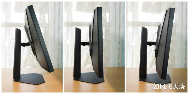 这款显示器的底座支持升降,上下的调整距离达120±5mm,可以更加自己的习惯和实际情况方便地选择,调节滑动非常容易。
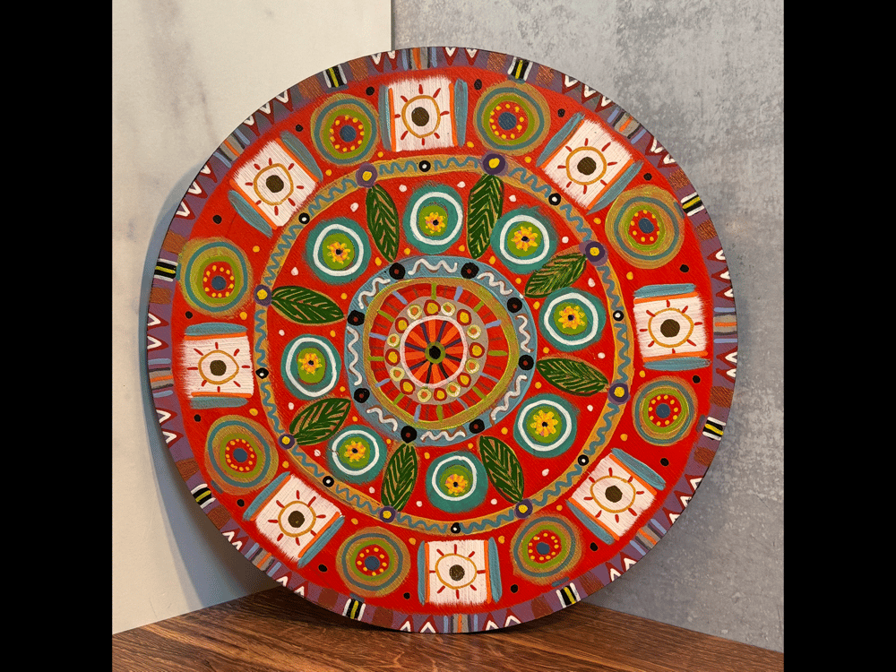 Original 11 3/4" acrylic painting on 3/4” thick round wood panel. Sides are painted.
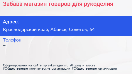 Забава, магазин товаров для рукоделия по адресу Краснодарский край, Абинск, Советов, 64 в дальнейшем Организация, размещена в следующих категориях:

------------------------------

* What you need to do *
Nothing but the lines from the one that contains "Sides are painted." through the last line of the material should be written out, exactly. Omit pictures.

* Exercise answer *
 Original 11 3/4" acrylic painting on 3/4” thick round wood panel. Sides are painted.
 Забава, магазин товаров для рукоделия по адресу Краснодарский край, Абинск, Советов, 64 в дальнейшем Организация, размещена в следующих категориях:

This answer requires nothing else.